The Return-to-Invoice rider ends the gap in these two values. With this rider, if you make a claim, the insurance company will pay you the invoice price of your car and not the IDV. This will include on-road taxes, the ex-showroom price, and the cost of registration.
When Can The Return-To-Invoice Rider Be Used?
The Return-to-Invoice rider can only be used in the case of complete damage or loss to your vehicle. This means if your car gets stolen or has been damaged so badly that it can no longer be repaired or used, you can claim its entire value from the insurance company. However, you will be asked for a police report to validate your claim of loss or damage to get the settlement.
In addition to the above, the Return-to-Invoice can also only be used if your vehicle is not older than 3 to 5 years. The precise time can differ from insurer to insurer. An important thing to remember is that in the case of small claims, the Return-to-Invoice rider is not applicable.
What Are The Benefits Of The Return-To-Invoice Rider?
You can add the Return-to-Invoice option to your car insurance policy for a number of reasons. Here are some advantages of this rider.
Better protection: In the case of complete loss or damage, a Return-to-Invoice rider can be of great help by ensuring that you get back the worth of your car. The loss of a four-wheeler can be hard to bear, and this add-on can help you cover for it.

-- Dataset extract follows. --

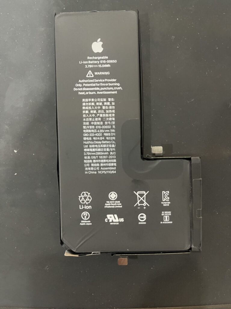 iPhone 11ProMaxのバッテリー交換、延岡駅よりご来店いただきました! 充電が半日持たない状態でしたが、バッテリーの交換で今後も長くご利用いただけるかと思います。

Covers hidden costs: Not only the price of the car, but the rider also accounts for road tax and registration charges, so that you receive comprehensive protection.
Enables future purchases: The money from the Return-to-Invoice insurance claim can be used to buy another car if your old car is stolen or damaged beyond repair. You do not have to spend any more from your pocket or apply for a new loan.
What Are The Things To Consider While Buying A Return-To-Invoice Rider?
Along with the many advantages, you should be careful about certain aspects of a Return-to-Invoice rider, such as:
Does not cover old cars: A Return-to-Invoice will not work for old vehicles. If your vehicle is older than 3 to 5 years, the rider will not be added to your policy. In case of existing riders, the insurance company will automatically delete the add-on from your plan.
Increases the cost of insurance: A Return-to-Invoice provides additional security to your car but also comes at an extra cost. At an average, the rider can increase the cost of a car insurance policy by 10%.
Covers only own damage: The Return-to-Invoice rider can only be added to a comprehensive car insurance plan. It cannot be bought with a third-party insurance policy. The add-on only includes own-damage and not third-party damage.
Accounts for complete loss: The Return-to-Invoice add-on can be used in cases of fire, theft, natural calamities, and accidents, as long as the car has been fully destroyed or stolen. The Return-to-Invoice is not applicable for minor repairs or petty thefts.
What Is The Difference Between A Return-To-Invoice And A Zero Depreciation Rider?
The zero depreciation cover is useful in the case of small or partial repairs. A Return-to-Invoice, on the other hand, is for permanent loss or damage to the vehicle.
To Sum It Up
A good insurance policy can be your car’s companion and safeguard it for a long time. And the right riders add to this security with their unique offerings.
So, make sure to thoroughly check the plan and pick suitable riders before hitting on the ‘Pay’ button while buying an online 4 wheeler insurance policy.